Predicting the future is never easy and that’s especially true when there’s a new administration in Washington. For those in the design-build industry, there are more economic questions than answers. Will President Trump deliver on his promise to rebuild America’s infrastructure? Will Congress fund an infrastructure package?  What role will public-private-partnerships play in Trump’s proposal?  Industry analysts with S&P have looked at all of these issues and their report for the transportation sector in 2017 may provide some hints of what the future could hold, particularly if we do enter a new era of American infrastructure investment. The “U.S. Public Finance Transportation Sector 2017 Outlook” issued by S&P Global Ratings reports, “the public finance transportation sector as a whole is strong.”

The current forecast by S&P economists predicts transportation sectors will see 2.4% growth in 2017 and 2.3% in 2018.  While a federal infrastructure investment package is far from a sure thing, economists say their “upside scenario” including passage of tax cuts and $170 billion infrastructure program would boost growth in transportation to 2.8% in 2018 but then revert to 2.2% once the stimulus begins to fade.  That’s the optimistic prediction.  The report says, “A key question remains: will a consensus plan for direct federal spending for infrastructure overcome the obstacle that prevented a large-scale initiative in recent years – namely, how to pay for it.

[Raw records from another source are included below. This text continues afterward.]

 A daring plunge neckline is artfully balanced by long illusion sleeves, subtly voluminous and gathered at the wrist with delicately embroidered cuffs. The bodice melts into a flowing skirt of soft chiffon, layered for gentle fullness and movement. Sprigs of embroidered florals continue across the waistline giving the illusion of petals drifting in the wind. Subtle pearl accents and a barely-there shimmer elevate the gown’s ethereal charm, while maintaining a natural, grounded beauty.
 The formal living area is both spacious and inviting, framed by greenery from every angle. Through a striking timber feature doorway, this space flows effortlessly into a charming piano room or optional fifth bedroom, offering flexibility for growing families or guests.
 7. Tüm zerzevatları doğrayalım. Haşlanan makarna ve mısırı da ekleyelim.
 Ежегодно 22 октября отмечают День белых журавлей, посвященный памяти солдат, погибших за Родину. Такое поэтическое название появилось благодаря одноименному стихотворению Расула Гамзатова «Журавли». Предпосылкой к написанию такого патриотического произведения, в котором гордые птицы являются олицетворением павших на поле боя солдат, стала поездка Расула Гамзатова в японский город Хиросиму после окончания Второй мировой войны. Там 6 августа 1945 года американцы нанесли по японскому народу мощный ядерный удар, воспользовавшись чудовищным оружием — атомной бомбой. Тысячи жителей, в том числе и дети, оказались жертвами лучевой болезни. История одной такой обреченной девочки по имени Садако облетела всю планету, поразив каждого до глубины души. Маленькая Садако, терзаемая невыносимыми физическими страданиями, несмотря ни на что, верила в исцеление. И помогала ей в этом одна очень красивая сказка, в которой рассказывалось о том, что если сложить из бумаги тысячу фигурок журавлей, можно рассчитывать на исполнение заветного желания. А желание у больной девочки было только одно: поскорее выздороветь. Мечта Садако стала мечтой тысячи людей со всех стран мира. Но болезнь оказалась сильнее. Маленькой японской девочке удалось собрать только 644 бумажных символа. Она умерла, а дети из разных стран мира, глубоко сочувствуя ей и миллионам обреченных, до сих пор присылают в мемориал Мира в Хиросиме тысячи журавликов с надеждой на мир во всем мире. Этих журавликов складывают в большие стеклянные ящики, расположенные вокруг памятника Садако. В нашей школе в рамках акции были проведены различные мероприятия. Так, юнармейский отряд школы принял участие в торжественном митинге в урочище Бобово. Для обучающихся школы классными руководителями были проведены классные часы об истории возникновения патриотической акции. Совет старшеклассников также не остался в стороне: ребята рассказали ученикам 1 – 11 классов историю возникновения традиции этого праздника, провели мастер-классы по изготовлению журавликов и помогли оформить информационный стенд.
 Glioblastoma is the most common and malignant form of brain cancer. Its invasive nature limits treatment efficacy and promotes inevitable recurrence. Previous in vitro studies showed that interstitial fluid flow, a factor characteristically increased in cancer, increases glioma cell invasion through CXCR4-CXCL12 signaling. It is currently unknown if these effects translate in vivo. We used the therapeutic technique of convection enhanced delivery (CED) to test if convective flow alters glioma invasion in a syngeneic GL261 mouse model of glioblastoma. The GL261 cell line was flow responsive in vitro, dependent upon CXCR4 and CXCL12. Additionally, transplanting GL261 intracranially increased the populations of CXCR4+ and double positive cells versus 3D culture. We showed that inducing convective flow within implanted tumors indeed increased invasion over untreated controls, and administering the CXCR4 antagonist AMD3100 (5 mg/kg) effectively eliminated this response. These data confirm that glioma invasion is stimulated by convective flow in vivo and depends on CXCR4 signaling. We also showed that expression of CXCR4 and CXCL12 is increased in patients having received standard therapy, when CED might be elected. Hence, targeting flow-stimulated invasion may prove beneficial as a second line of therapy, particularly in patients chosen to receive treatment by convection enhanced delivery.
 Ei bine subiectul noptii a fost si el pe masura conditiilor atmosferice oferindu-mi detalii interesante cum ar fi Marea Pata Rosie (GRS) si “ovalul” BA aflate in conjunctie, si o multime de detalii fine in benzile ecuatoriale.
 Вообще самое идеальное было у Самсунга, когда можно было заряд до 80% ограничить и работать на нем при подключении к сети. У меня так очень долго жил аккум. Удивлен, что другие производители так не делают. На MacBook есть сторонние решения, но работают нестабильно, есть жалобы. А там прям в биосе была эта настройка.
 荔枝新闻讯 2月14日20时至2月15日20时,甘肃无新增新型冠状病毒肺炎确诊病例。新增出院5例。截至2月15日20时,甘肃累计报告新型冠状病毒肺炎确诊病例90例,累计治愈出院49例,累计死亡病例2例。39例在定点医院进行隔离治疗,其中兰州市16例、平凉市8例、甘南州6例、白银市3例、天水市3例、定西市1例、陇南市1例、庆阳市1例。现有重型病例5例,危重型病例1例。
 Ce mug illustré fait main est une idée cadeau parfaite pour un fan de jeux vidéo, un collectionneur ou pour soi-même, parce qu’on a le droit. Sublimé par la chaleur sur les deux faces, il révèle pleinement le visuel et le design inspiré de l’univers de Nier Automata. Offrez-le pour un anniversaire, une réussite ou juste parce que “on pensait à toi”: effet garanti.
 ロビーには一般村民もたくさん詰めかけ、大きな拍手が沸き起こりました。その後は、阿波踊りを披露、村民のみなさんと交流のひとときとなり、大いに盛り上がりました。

We believe a modest plan is likely, the size and scale being the subject of negotiation between Congress and the administration.”

However, as we’ve seen nationwide, the states aren’t waiting for Congress to act.  S&P reports, “In 2016, 24 states approved 267 ballot measures, including tax increases for $207 billion in transportation infrastructure spending over the next 40 years.”

2016 was also an excellent year for design-build in state houses around the nation.  There were legislative victories in 21 states, with improved design-build authority, public-private partnership authority or successes in turning back efforts to limit those authorities.  Currently half the states in the nation have full authority to use design-build, while 17 other states allow it to be widely used.  That leaves only eight states, as of the writing of this article, where design-build remains a limited option.   A Design-Build Institute of America survey of state Departments of Transportation show an 800% increase in projects in 2016 when compared to 2002.

Despite rare bipartisan agreement and recognition of the need for increased infrastructure investment, there is no easy answer to the critical question of “how do we pay for it?”  While the figures vary, the most recent report by the American Society of Civil Engineers (ASCE) gave the U.S. infrastructure a D+ in its annual report card, estimating that we need to invest $3.6 trillion by 2020 to upgrade it to acceptable levels.  With current funding levels unable to fully address the funding gap, part of the solution is for industry leaders to help our nation reevaluate how we are spending the limited funds available.

One thing is clear; the design-build industry is ready to help our nation deliver on the promise of increased infrastructure investment by delivering projects faster and more cost-effectively, with fewer changes, fewer claims and less litigation.